Since C has now passed, I'll re-report the link with my main account since it's an actual phishing link that was sent to Discord.
@keys-defender
!phishing
https://id09.ru/
Thank you for your report, entry added to @keys-defender's database of phishing domains.
Cool stuff. I hope it reduces the risks of people getting fooled. Maybe some people will automatically flag the phishing comments.
!BEER
View or trade
BEER
.Hey @keys-defender, here is a little bit of
BEER
from @steevc for you. Enjoy it!Learn how to earn FREE BEER each day by staking your
BEER
.https://twitter.com/tetrahedroseph/status/1374065281123815428
Very nice, okay let me try @keys-defender !phishing https://lemmebybit.com/
Thank you for your report, the PHISHING domain "lemmebybit.com" was correctly processed.
Phishing domains can be blacklisted by any top-40 witness, any whitelisted user or by at least 3 users with reputation above 50 - @keys-defender
Thanks, it's working really well. lol
Reminder: if the feature is abused it will result in $5 downvotes
All reports mention all my discord server users..
But I don't think that's an abuse since someone really sent me on DM. I thought you said it's fine to include the discord link?
If it’s phishing then yes it’s ok. Will verify later.
PS. It looks like it’s a scam but it’s not phishing and it’s not targeting hive:
https://www.google.com/amp/s/amp.reddit.com/r/Bitcoin/comments/k3psmc/report_this_scam_lemmebitcom/
Rules:
I can’t upvote all reports of the dozens of scams that run on discord, let’s start with only the ones targeting Hive.

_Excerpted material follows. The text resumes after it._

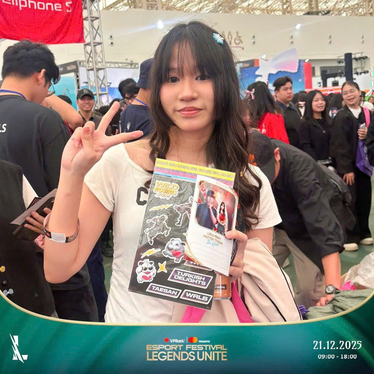 Sự góp mặt của đông đảo các bạn nữ xinh đẹp và cộng đồng yêu game chính là điểm nhấn đặc biệt, giúp booth Liên Minh Huyền Thoại: Tốc Chiến trở thành một trong những khu vực được yêu thích và nổi bật nhất tại VPBank Presents T1 In Vietnam 2025.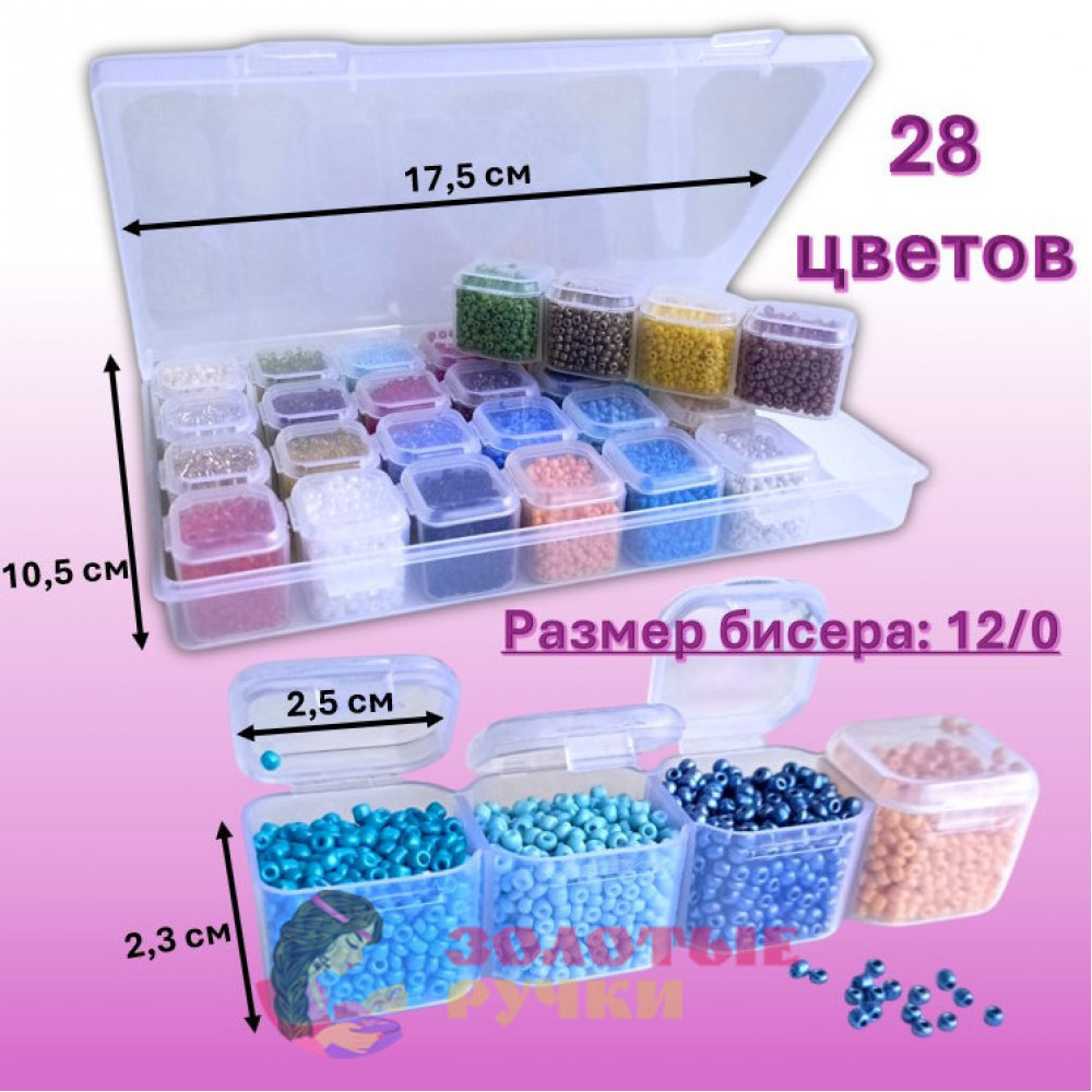 Набор бисера. Размер: 12/0. Количество в упаковке: 28 цветов.

I will introduce a new !scam command for that 👍
Ah okay, but it seems that's kind of a threat that downvote. Then we should or I should not report it next time especially if I'm not sure that it's really phishing. I have no evidence or proof that it's a phishing site. I just thought to try since it dm me on discord. If this is the case I regret now sharing that fishy link. If it's not, don't downvote it for a bigger amount. Just see it tomorrow but I'm telling you I have no proof.
Please see my updated reply above.
If you’re quite sure it’s phishing report it as phishing, if you suspect it’s a scam Google like I did “is {website} a scam” and if it is you’ll be able to report it with the !scam command. For the latter I plan on giving 0.02 upvotes.
Me parece estupendo este trabajo, gracias por darnos algo útil para defendernos y ayudar...
I just tried that on a real case, and what I don't like is that I have to actually post that link myself
Worked around by:
https://steemit.com
Yeh I thought about that but your comment has the !phishing command so it should be pretty clear to readers.
The problem with having kd automatically detect the link from the parent comment is that it could have multiple ones and cause issues.
@keys-defender !phishing https://love69date.top/
Thank you for your report, entry added to @keys-defender's database "PHISHING".